Signe de l’importance de la question, ces affaires ont toutes été traitées en priorité par la Grande Chambre de la CEDH, la plus haute instance de la Cour, dont les 17 juges peuvent créer un précédent juridique potentiellement crucial.

Ce sera la première fois que la Cour se prononcera sur le changement climatique.

Alors que plusieurs États européens, dont la France, ont déjà été condamnés par les tribunaux nationaux pour ne pas avoir respecté leurs engagements contre le réchauffement climatique, la CEDH pourrait aller plus loin et préciser de nouveaux droits fondamentaux.

L’enjeu est d’assurer « la reconnaissance d’un droit individuel et collectif à un climat le plus stable possible, ce qui constituerait une innovation juridique importante », a déclaré l’avocate et ancienne ministre française de l’Environnement Corinne Lepage, qui défend l’un des dossiers. .

‘Tournant’

La position de la Cour « pourrait marquer un tournant dans la lutte mondiale pour un avenir vivable », a déclaré l’avocat Gerry Liston, de l’ONG Global Legal Action Network (GLAN).

« Une victoire dans l’une des trois affaires pourrait constituer l’évolution juridique la plus importante en matière de changement climatique pour l’Europe depuis la signature de l’Accord de Paris de 2015 » qui fixe de nouveaux objectifs aux gouvernements pour réduire les émissions, a-t-il déclaré.

Même si la Convention ne contient aucune disposition explicite relative à l’environnement, la Cour a déjà jugé, sur le fondement de l’article 8 de la Convention – droit au respect de la vie privée et familiale – une obligation des Etats de maintenir un « environnement sain », dans les cas liés à la gestion des déchets ou aux activités industrielles.

Parmi les trois cas qui seront tranchés mardi, le premier est porté par l’association suisse des Sages pour la protection du climat — 2 500 femmes âgées de 73 ans en moyenne — et quatre de ses membres qui ont également déposé des plaintes individuelles.

Ils se plaignent de « manquements des autorités suisses » en matière de protection du climat, qui « nuiraient gravement à leur état de santé ».

Damien Careme, ancien maire de Grande-Synthe, ville côtière du nord de la France, attaque dans son cas les « carences » de l’État français, arguant qu’elles présentent un risque de submersion de sa ville sous la mer du Nord.

En 2019, il a déjà déposé une plainte auprès du Conseil d’État français, sa plus haute juridiction administrative, alléguant « l’inaction climatique » de la France. Le tribunal s’est prononcé en faveur de la municipalité en juillet 2021, mais a rejeté une affaire qu’il avait intentée en son propre nom, ce qui a conduit Careme à porter l’affaire devant la CEDH.

« Pour le bien de tous »

La troisième affaire a été portée par un groupe de six Portugais, âgés de 12 à 24 ans, motivés à agir après les incendies qui ont ravagé leur pays en 2017.

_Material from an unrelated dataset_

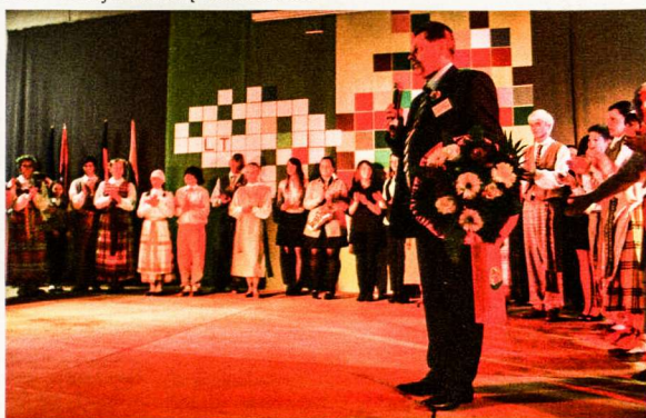
VLB pirmininkas sveikina Gimnazijos mokinius ir dėkoja visiems pagalbininkams

Leurs arguments ne concernent pas seulement le Portugal, mais également 31 autres États (tous les pays de l’UE, plus la Norvège, la Suisse, la Turquie, le Royaume-Uni et la Russie).

Presque tous les pays européens appartiennent au Conseil de l’Europe, pas seulement les membres de l’UE.

La Russie a été expulsée du Conseil de l’Europe après son invasion de l’Ukraine, mais les procès contre Moscou sont toujours entendus devant le tribunal.

La CEDH ne connaît des affaires que lorsque tous les recours internes ont été épuisés. Ses décisions sont contraignantes, même si certains États, comme la Turquie, ont rencontré des problèmes de conformité.

Les trois affaires s’appuient principalement sur des articles de la Convention qui protègent le « droit à la vie » et le « droit au respect de la vie privée ».

Toutefois, la Cour ne rendra un verdict faisant jurisprudence que si elle détermine que ces affaires ont épuisé tous les recours au niveau national.

Les États accusés ont tenté de démontrer que ce n’était pas le cas lors de deux audiences tenues en 2023.